Van Gogh Museum collaboration

The researchers wanted to see whether analytics could provide insights into decisions such as layout and help create tools to personalise the digital experience provided by multimedia applications such that individual users would remain engaged over time, relating more deeply to the content and to what Dr Aouad calls “the narrative of the experience”.

Museums now have access to large-scale, granular data on visitor experience, providing insights on how people interact with pieces and how they use multimedia, for instance.

Using similar types of data, Dr Aouad and his colleagues built an algorithm to predict visitor journeys at Amsterdam’s Van Gogh Museum – and made some interesting discoveries along the way. “The data shows that the distribution of artworks in space has a significant impact and users are very much guided by proximity – they will move from one piece to something nearby,” Dr Aouad explains. “When you dig a little deeper, you find other interesting patterns. Visually, we seem to like diversity. People are more likely to move from a large canvas to something smaller and vice versa. One plausible explanation is that individuals could be variety-seeking.”

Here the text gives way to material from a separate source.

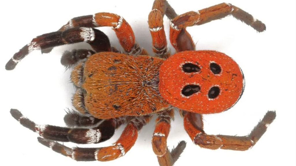 Les araignées coccinelles, nommées ainsi en raison de leur délicate robe rouge parsemée de points noirs, présentent habituellement un coloration sombre au niveau de la tête. Chez la nouvelle espèce, les poils recouvrant cette partie du corps, ainsi que les chélicères (pièces buccales) sont d’un rouge éclatant.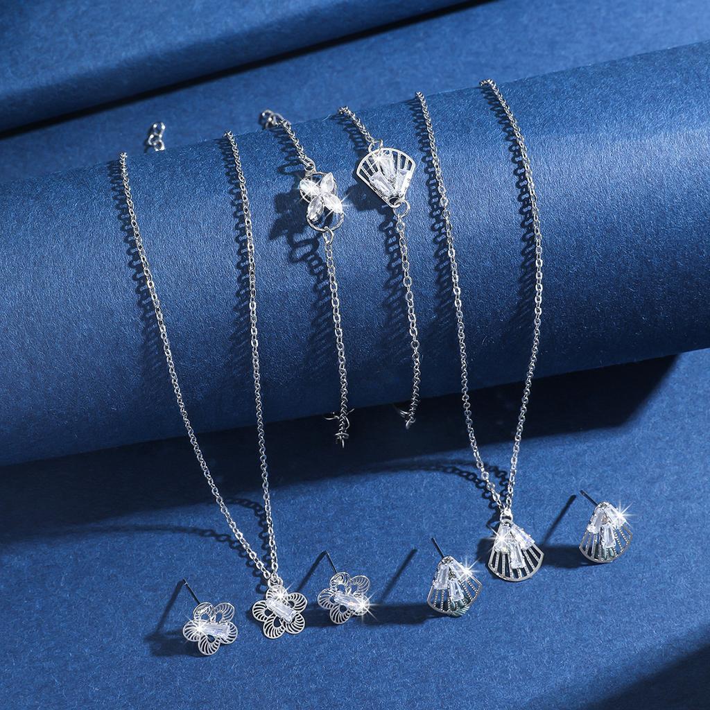 Copper Jewelry Women'S Light Luxury Simple Style Zircon Necklace Earrings Bracelet Ring Four-Piece Set

Building the algorithm is also yielding prescriptive findings. The researchers are now using algorithms to optimise the physical layout of the museum. They have simulated hundreds of millions of trajectories through the space and assess which types of layout are most likely to maximise engagement with different types of visitor profiles.

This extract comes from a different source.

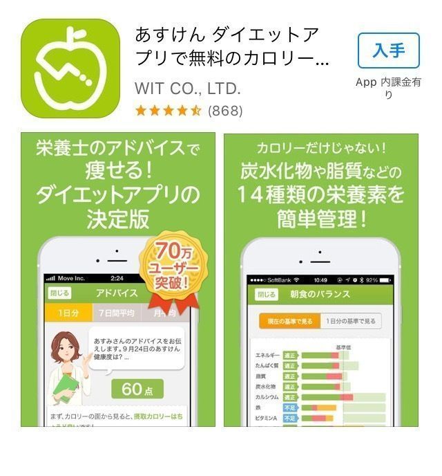 A2 「あすけん」(無料)というアプリが抜群にすごいです!実際にどんな条件で検索しても出てきて、ユーザー数、レビュー数ともにかなり多い人気のアプリ。簡単な食事記録をするだけでカロリーの計算、体重管理ができます。理想的な栄養素の基準値に比べて、何が過剰・適正・不足しているかがグラフで出て、とてもわかりやすいです。

“Typically, museums will cluster their most notorious pieces on one floor or room, so we will be monitoring the data to see how different permutations will encourage users to explore different spaces and whether this will impact engagement as we predict,” Dr Aouad says.

When visitors face an optimised layout, the simulations suggest that individuals would be 5% more engaged and the crowds less concentrated. Following these findings, the Van Gogh Museum has experimented with new designs for the multimedia guide. Like A/B testing in online retail, experimentation is a powerful mechanism for museums to test and validate new ideas.

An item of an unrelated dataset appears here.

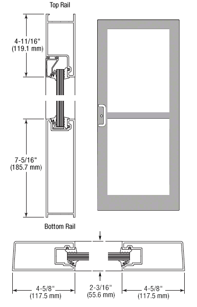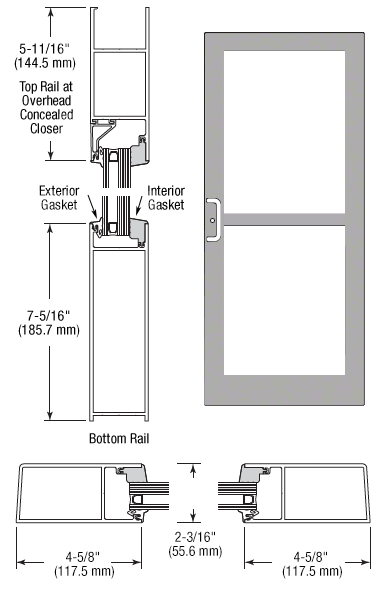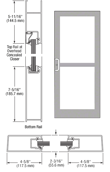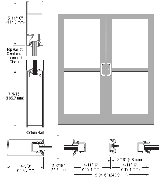 • This CRL Custom Medium Stile Entrance Pair is built with 4-5/8" (117 mm) stiles, 5-11/16" (144 mm) top rail, and 7-5/16" (186 mm) bottom rail. Standard features include stiles for butt Hinge hardware, glass stops for 1-5/16" (33 mm) impact glazing (by others), ready for of selected panic device, and prepped for concealed overhead closer.

Leveraging insights for business

For the arts sector, dependent on the frequency and volume of paying visitors, these initial findings are of enormous relevance. Maintaining interest and engagement is critical to visitor satisfaction and a steady flow of income in the long run. But, Dr Aouad says, there is food for thought here for other industries, too.

Retailers may want to think about the ways that the online setting mimics the layout of museums and galleries, and reframe the user experience as a journey over time instead of a sequence of incremental actions mediated by clicks.

“Right now, retailers are really good at using algorithms trying to predict behaviour and match product recommendation, but it’s done without looking at repeated interactions with the platform,” Dr Aouad explains. “Online platforms have tended to discard the idea of a journey solution for the consumer because it’s hard to do. But our study suggests that we can actually model sequences of choices and predict outcomes.”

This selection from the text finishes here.